Some pumps at West Columbia gas station still shut down after water found in gasoline

Some pumps at West Columbia gas station still shut down after water found in gasoline

WEST COLUMBIA, SC (WIS) - Water and gasoline literally and figuratively do not mix.

The South Carolina Department of Agriculture says watered down gasoline can tear up your engine and turn into a costly mess. That's why when they heard that a Lexington County station might be selling the potentially tainted gas, they took immediate action.

Daniel Jennings depends on his car for work but right now, he's driving a rental. His new 2015 Dodge is still in the shop.

"I noticed whenever I got in the car, [My fiance] was sitting in the car, and she noticed it started shaking and making a weird noise," Jennings said. "She turned it off.

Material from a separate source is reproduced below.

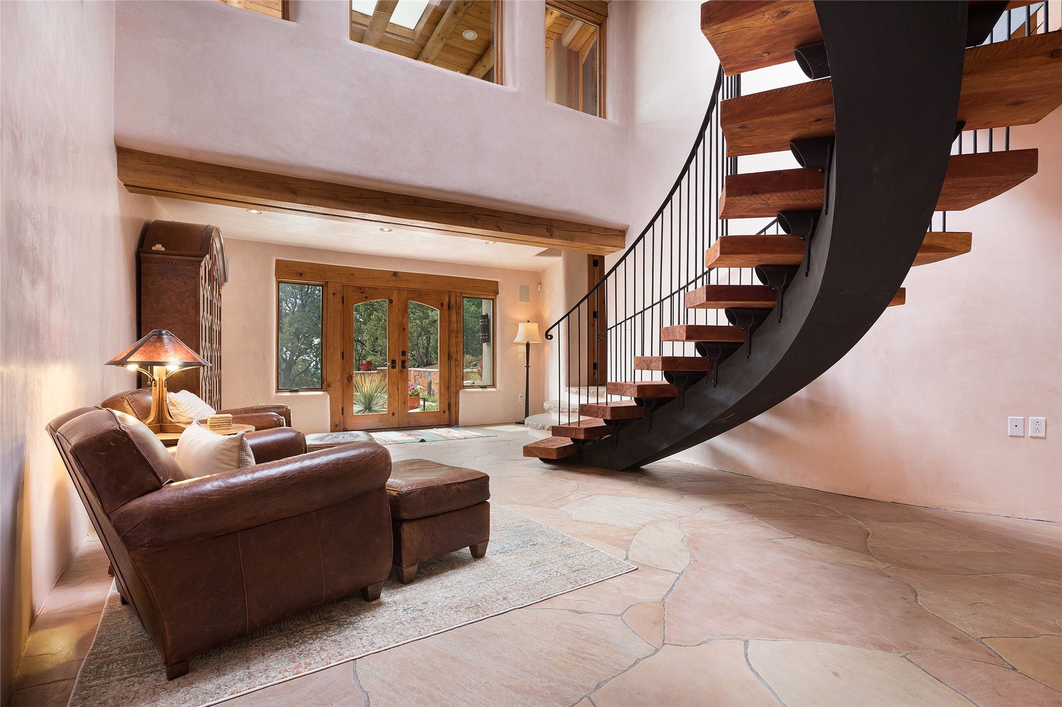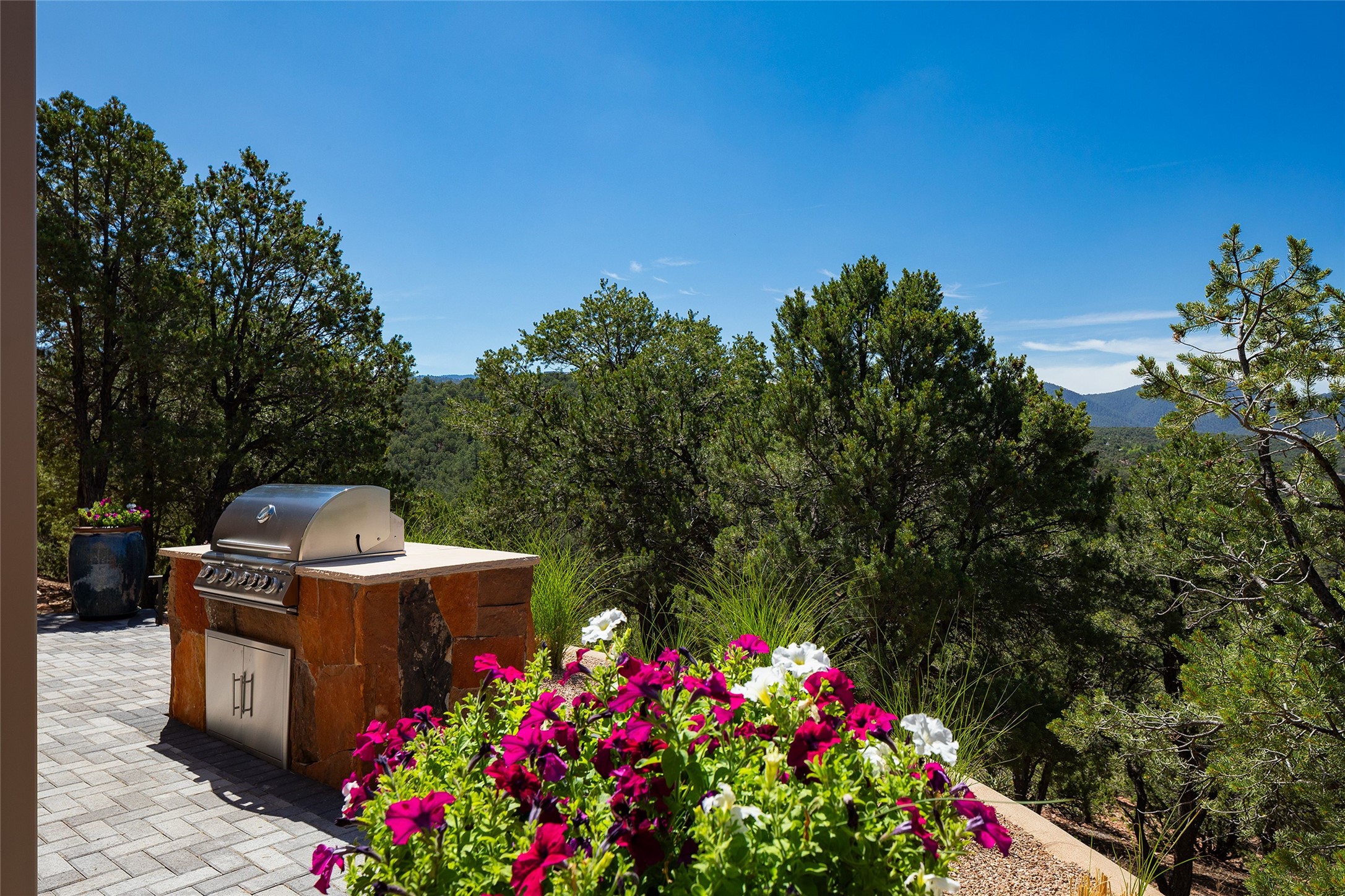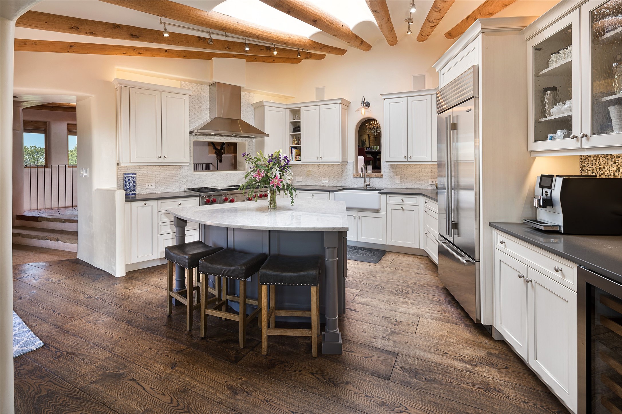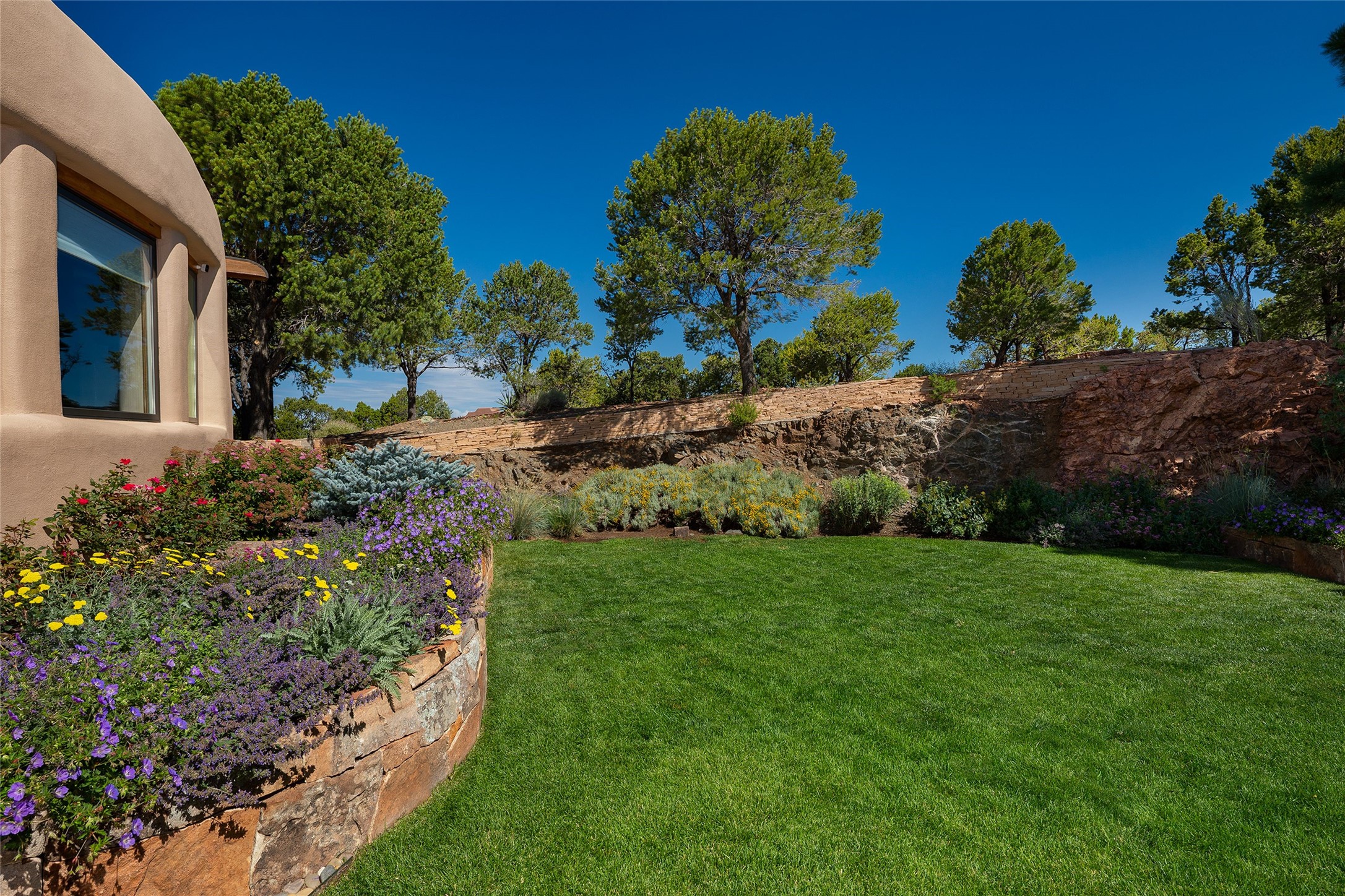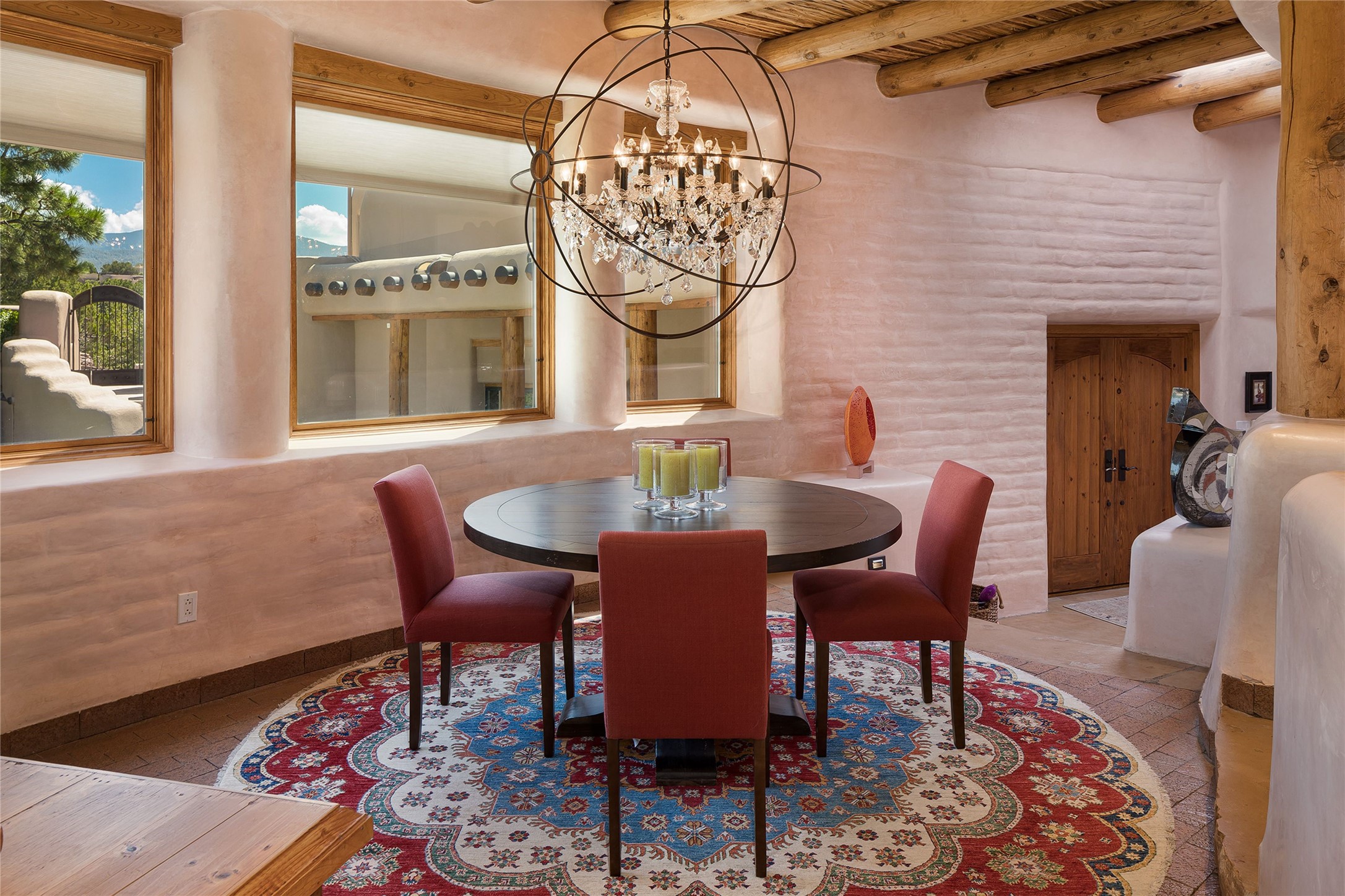 Welcome to 1233 North Summit Drive. One of the most extraordinary homes in all of Santa Fe, this captivating residence stuns with powerful architecture and majestic mountain views, and celebrates the ultimate Santa Fe lifestyle. Located within the coveted, private gates of the Santa Fe Summit, this 7,200 sq. ft. adobe residence is one of architect/builder Mike Fischer's most exceptional works. Built with uncompromising craftsmanship, the home blends timeless Santa Fe style with thoughtful modern updates--showcasing curved plaster walls, viga and beam ceilings, handcrafted fireplaces, and luxury finishes throughout. The main level is designed for entertaining, with spacious living and dining areas, while the upper floor is devoted to a private primary suite, complete with a luxurious bath, sitting room or office, and a rooftop deck that captures sweeping mountain views. Thoughtful updates include a 2018 kitchen renovation and a 2020 spa-like bath remodel, bringing modern elegance to traditional adobe design. The lower level offers excellent guest accommodations, with two bedrooms, two baths, and a large media/game room. A rare 4-car garage adds convenience and storage, while recent upgrades impress, such as new Pella windows, a TPO roof, and newly designed hardscape and lush, vibrant, surrounding landscape.From its perch at one of the highest residential elevations in Santa Fe, the home enjoys awe-inspiring panoramas of the Sangre de Cristo and Jemez ranges, the dramatic north face of Atalaya Mountain, and the north side of Picacho Peak. Multiple view decks and patios maximize the setting, while direct access to the Dale Ball Trail system makes outdoor adventure effortless. Just steps away from the world-class 10,000 Waves resort and spa, and only 3.5 miles from the Plaza, this incredible residence, sited in a tranquil, park-like setting, offers an unmatched blend of mountain living, privacy, and convenience, combined with architectural pedigree and modern upgrades.

I came out, turned it back on, and the engine light came on."

Jennings said his mechanic told him the culprit was water in his gasoline, which led him to the A-One Express gas station, up the road from Columbia Metropolitan Airport, where Jennings says he filled up back on July 12.

"The guy wanted to basically fight over it, and didn't want nothing to do with it," Jennings said.

It ultimately led Jennings to the state Department of Agriculture's Consumer Protection Division.

"We actually do a lot of things that are kind of undercover and kind of behind the scenes to protect the consumer," Derek Underwood with the Consumer Protection Division at the SC Department of Agriculture, said.

Assistant Commissioner Derek Underwood said a sample was collected on July 27.

And on July 28, the department put a "Stop Sale Notice" on A-One after water was found in unleaded gasoline.

"Rain, condensation, flooding, even from the distributor itself, yeah, water can get into the tanks through a lot of different means," Underwood said.

Underwood said since the end of July, the pumps are still closed. And there's seemingly been no action taken to fix the problem.

"They're losing revenue, so if a water complaint comes in, a lot of times gas stations take the prerogative to go ahead and start that corrective action process before we're even notified," Underwood said.

Jennings, meanwhile, is growing impatient and hoping the filling station will soon reimburse the $1,100 worth of damaged that he said watered down fuel did to his car.

"It's been very, very stressful," Jennings said. "I've been having to deal with, you know, them calling me at work complaining, 'Oh, we can't do this. We can't do that. The payment's too much.'"

We did get answers from the gas station owner on Friday. He said he does wish to reimburse his customers and has only received two complaints about watered down gas.

He said he hasn't made repairs, because he believes it's the distributors fault, not the gas station's.

However, the owner said the distributor is blaming him.

Jennings, by the way, said he desperately needs the reimbursement, because the issue voided the warranty on his new car that had just 14 miles on it before the incident.

Jennings is just one example of a case of watered down gas.

The Department of Agriculture reported 15 other violations from Midlands gas stations over the past year.

Most problems are fixed very quickly after they're identified.

The Department of Agriculture said if you suspect something is wrong with your gasoline, call them immediately at the number you see on the pump. That's what they're there for.